大日本印刷と東京食品機械 プラ使用量を90%削減の紙トレー

大日本印刷(本社:東京都新宿区)と東京食品機械は2月7日、プラスチック使用量を抑えた環境配慮型の密封性を有する紙トレーの共同開発を開始したと発表した。パッケージと包装システムにおける両社の開発力を掛け合わせ、酸素バリア性と密封性を併せ持つ「密封紙トレー」を開発し、惣菜や冷凍食品などの業界に向けて提供していく予定。

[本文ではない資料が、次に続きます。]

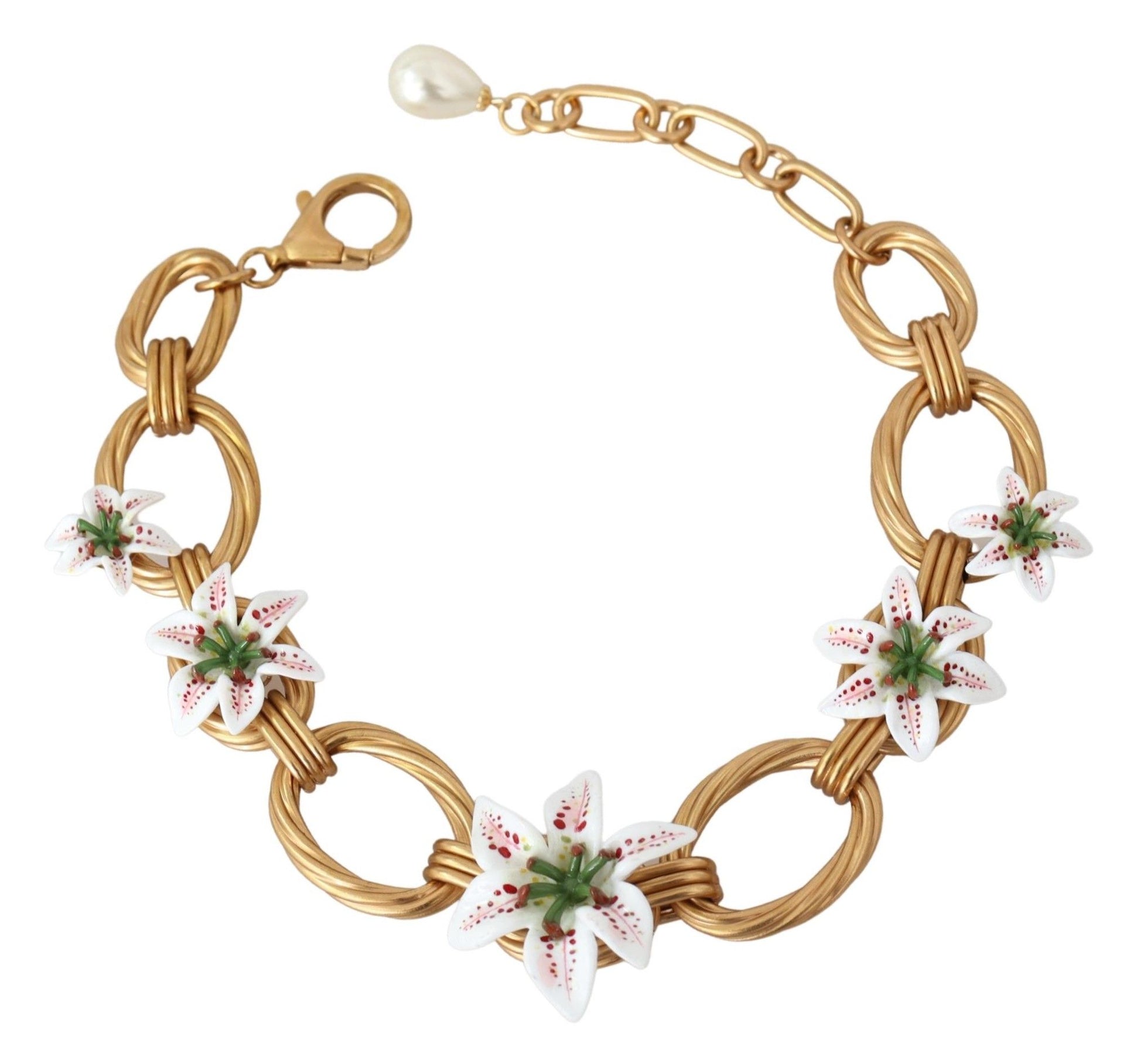 Accessorize your elegance with the Dolce & Gabbana Sicily Necklace, a gorgeous statement piece that’s sure to turn heads. Its intricate Lilium floral motif and luxurious blend of brass, resin, and glass make this necklace not only a fashion statement but a work of art dangling at your neckline. The shimmering gold-tone finished with a classic lobster clasp ensures secure wear while exuding sophistication. This Italian-crafted jewel is the perfect addition to grace any ensemble.

福岡市とトヨタ CJPTと共同で水素社会のまちづくりで連携協定

福岡市とトヨタ自動車は2月7日、水素社会の早期実現に向け、商用事業での協業に取り組むCommercial Japan Partnership Technologies(本社:東京都文京区、以下、CJPT)と共同で、相互に連携し多幅広い取り組みを推進していくことで合意し、その第一歩として燃料電池車両の導入に向けた検討を開始したと発表した。
具体的には、福岡市への給食配送車やパッカー車(ゴミ収集車)として燃料電池トラック、移動式発電・給電システム(Moving e)の導入の検討を開始した。今回の連携協定締結を契機に、今後3者は水素を「つくる」「はこぶ」「つかう」という一連のサプライチェーンに関する技術開発や実証を行い、早期の社会実装につなげることで、市民が水素を身近に感じられる社会をいち早く構築するとともに、カーボンニュートラル実現に貢献するために積極的に取り組んでいく。

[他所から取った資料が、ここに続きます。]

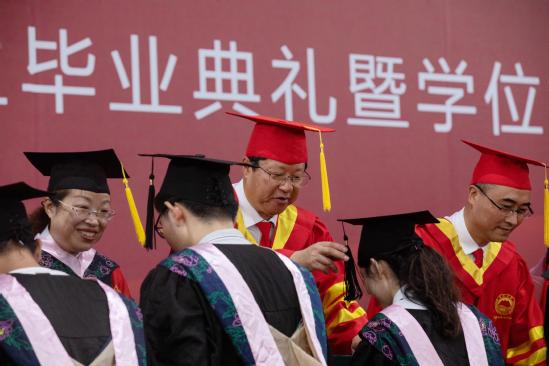 秦皇岛分校领导班子成员、学位评定委员会成员、学术委员会成员和各学院院长为毕业生扶正流苏,授予学位。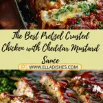 Crispy pretzel-crusted chicken baked to golden perfection and served with a creamy mustard-cheddar sauce — this dinner is bold, fun, and flavor-packed.

富士フィルム 微量の血液用いたコロナの抗体測定技術を開発

富士フィルム(本社:東京都港区)は2月7日、新型コロナウイルスの中和活性と高い相関性を示す血液中のlgG抗体価を測定する富士フィルム和光純薬の研究用試薬と、指先から自己採血した微量な血液を用いた抗体測定を可能にする技術を開発したと発表した。この技術を、自己採血による郵送血液検査サービスを国内で展開するリージャー(本社:東京都中央区)に提供する契約を締結。リージャー社が2月8日より、新型コロナウイルス抗体セルフチェックサービスを開始する。

スバル 21年4~12月減産21万台に拡大 部品調達難響く

SUBARU(スバル)は2月7日、2021年4~12月の生産状況について、期中の修正見通しを上回る21万台の減産を強いられたと発表した。半導体不足と東南アジアの新型コロナウイルスの感染拡大による部品調達難のため。昨年11月時点では2022年3月期の減産台数を17万台と見込んでいた。

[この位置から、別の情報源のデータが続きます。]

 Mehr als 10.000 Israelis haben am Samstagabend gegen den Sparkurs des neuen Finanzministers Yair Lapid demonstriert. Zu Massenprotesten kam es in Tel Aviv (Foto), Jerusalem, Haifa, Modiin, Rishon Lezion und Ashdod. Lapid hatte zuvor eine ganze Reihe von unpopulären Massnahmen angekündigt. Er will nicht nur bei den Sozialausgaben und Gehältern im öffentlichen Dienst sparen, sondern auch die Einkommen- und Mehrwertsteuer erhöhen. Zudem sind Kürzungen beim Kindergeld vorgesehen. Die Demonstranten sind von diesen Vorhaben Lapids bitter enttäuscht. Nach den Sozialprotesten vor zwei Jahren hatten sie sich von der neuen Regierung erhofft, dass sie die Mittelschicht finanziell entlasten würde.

日本プラスト タイで射出成形事業で第3工場竣工 4月より稼働

日本プラスト(本社:静岡県富士宮市)はこのほど、子会社の二ホンプラストタイランド(所在地:タイ・ラヨーン県、以下、NPT)が、射出成形事業の拡大とそれに伴う組み立てエリア、出荷エリア確保のために第3工場を建設し、1月11日に竣工式を行ったと発表した。4月より順次稼働する予定。

東芝 空調子会社の売却発表 合弁相手の米キャリアに1,000億円

東芝は2月7日、空調子会社の東芝キャリア(本社:川崎市)を売却すると発表した。東芝キャリアは東芝が株式60%、米空調大手のキャリアが40%を持つ。このうち55%を合弁相手のキャリアに約1,000億円で売却する。9月末までの売却手続き完了を目指す。これにより、連結対象から外すが、5%分は保有し続け、東芝ブランドでの空調機器の開発や販売は続ける。